Обернувшись, Кручинин увидел чернявого Давида, спешившего к
нему с распростертыми объятиями, и пошел ему навстречу. За несколько шагов до
помощника Кирилл сделал легкое движение, едва заметное, которое было
затруднительно трактовать однозначно – что-то вроде подергивания
плечами, – но Давид отчетливо осознал, что с объятиями торопиться не
стоит, и опустил руки. К шефу он подошел, полностью перестроившись, и крепко
пожал ему ладонь.
– Здорово, Кирилл Андреевич! Как ты?
– В норме. Пошли.
Пока они шли к машине, Кручинин то и дело проводил рукой по
подбородку. За последние дни у него отросла щетина, и ему хотелось первым делом
принять ванну и побриться, но он видел по лицу Давида, что у того есть новости.

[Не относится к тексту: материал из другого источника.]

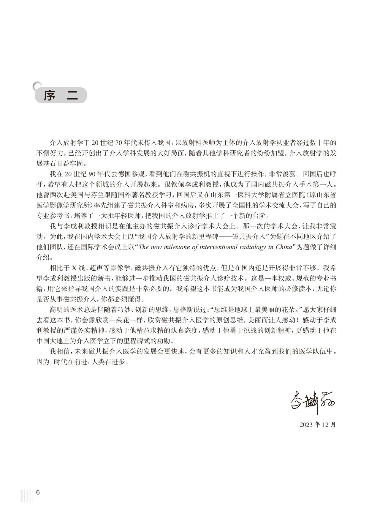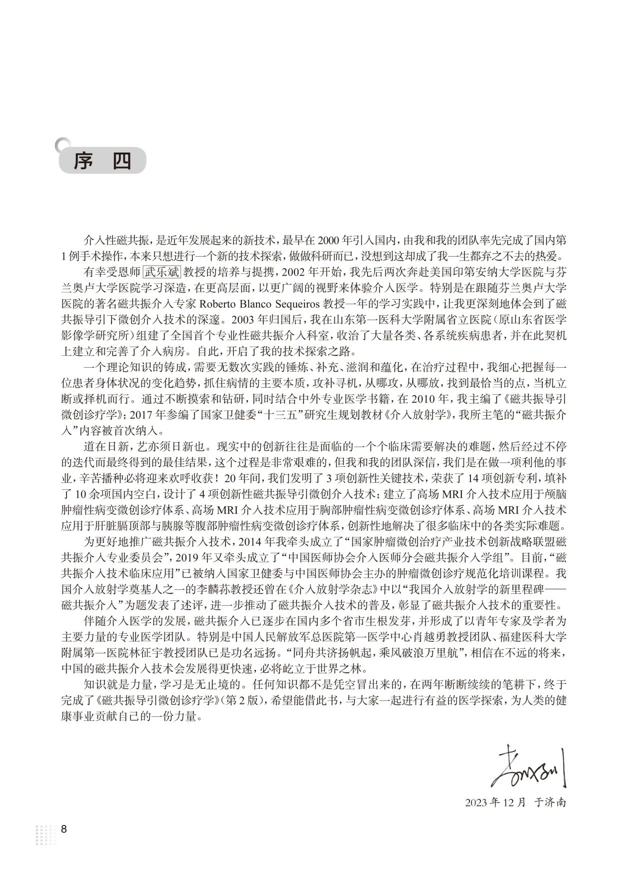 李教授在国内外期刊发表论文100余篇,2010年主编国内第一部磁共振介入论著《磁共振导引微创诊疗学》,填补国内空白。2012年起草编写国家卫计委“磁共振引导下介入操作规范”;2017年编写全国医学研究生教材《放射介入学》首次将磁共振介入技术纳入教学大纲内容;2018年组织国内相关专家讨论并制定《磁共振引导颅脑病变穿刺活检专家共识2018版》、《磁共振引导下经皮肺穿刺活检术操作规范中国专家共识》和《影像引导肝癌的冷冻消融治疗专家共识2020 版》。

И подозревал, что они не доставят ему радости, а значит, их нужно услышать как
можно скорее.
– Поехали, Сань, – сказал Давид, и шофер тронулся с
места. – Ну что, давай сначала тебя домой забросим?

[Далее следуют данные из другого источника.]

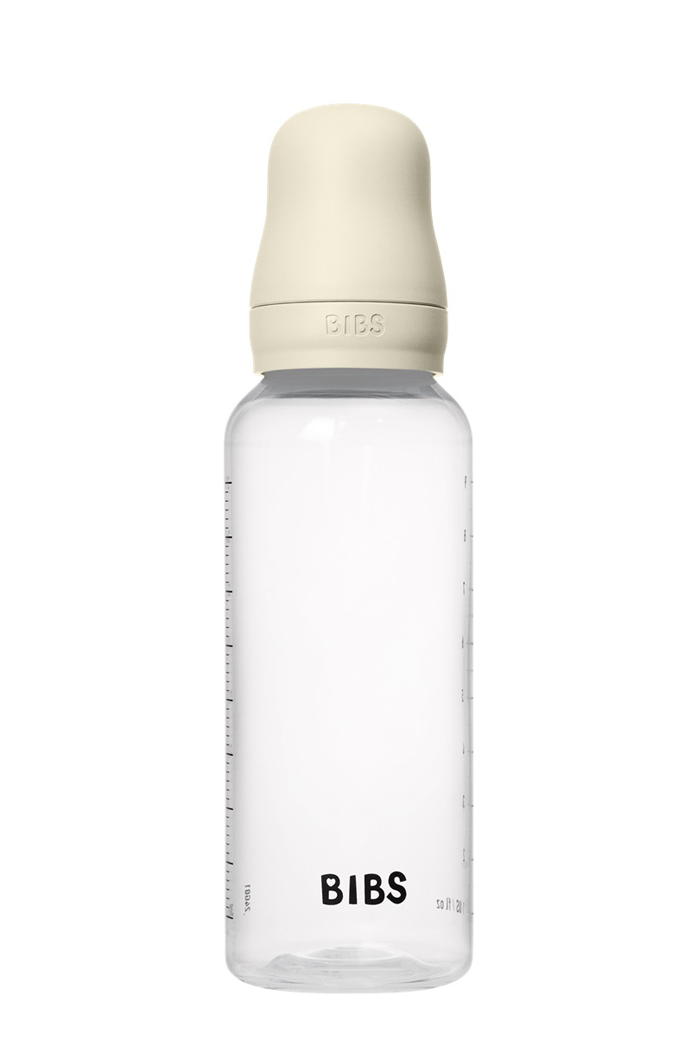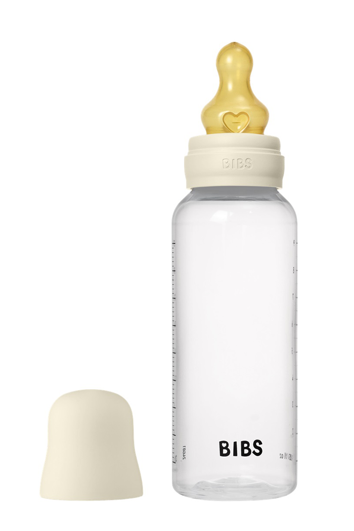 Пляшечка BIBS об’ємом 270 мл із соскою з каучукового латексу, з антиколіковою функцією.

Он не собирался выражать сочувствие шефу, потому что
понимал: сейчас это может лишь вывести Кручинина из себя. Вид у Кирилла
Андреевича, подумал исполнительный директор, жутковатый: глаза красные,
запавшие, в прожилках, черная щетина расползлась по щекам и подбородку, а лицо
осунулось так, словно он не несколько дней провел в камере, а пару месяцев.

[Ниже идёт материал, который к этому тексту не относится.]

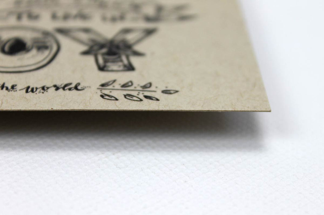 These uncoated tan hued kraft cards are easy to write on with a pen, pencil or marker without the risk of smudging. Your artwork is printed on this light sandy hue kraft card stock in full color with optional white ink for a natural and organic look that evokes an earthy aesthetic.

Труднее всего оказалось выдерживать его взгляд – тяжелый, давящий взгляд волка,
выбравшегося из капкана и бегущего по следу охотника вместо того, чтобы
спрятаться в укрытии.
– Ты погоди домой, – приказал Кручинин. – Сначала
говори, что случилось.
– В каком смысле?
– В прямом. Давай, не крути. Что у нас еще?
Давид покосился на шефа, поразившись его проницательности,
и, вздохнув, начал рассказывать. Кирилл мрачнел с каждым его словом,
похрустывал пальцами, и Давиду стоило больших трудов не дергаться при каждом
щелчке, противном, словно давили таракана.
Новости были краткими: банк, в котором Кручинин взял
приличную сумму под модернизацию производства, в одностороннем порядке повысил
процентную ставку по кредиту.
– Кризис, что ты хочешь, – убитым голосом говорил
Давид. – И ни к чему не придерешься!
Оборудование для цехов уже было закуплено у Виктории
Венесборг, а возвращать кредит фирме Кручинина было нечем – все деньги он
вложил в производство.
– В первый цех вчера приезжали, забрали машины...
– Как?! – не поверил Кирилл. – Да они что,
сдурели?! Ты куда смотрел?!
– А я что сделаю?! Не подкопаешься!
– Черт, да невозможно за три дня такое провернуть!
– Ну, как видишь, возможно...
Интонация Давида заставила Кручинина пристально взглянуть на
него.
– Что еще? Давай, выкладывай.
– Кирилл Андреевич, ты же понимаешь – бабла на возврат
кредита нет... И они это тоже понимают...
– Не тяни кота за яйца.
– Ты же знаешь, сколько мы должны...
– Короче, Склифосовский!
– Они попытаются изъять часть имущества в счет погашения
кредита.
Кручинин откинулся на спинку кресла, осмысливая сказанное.
– Что, цеха???
Давид молча кивнул. Кирилл грязно выругался сквозь зубы.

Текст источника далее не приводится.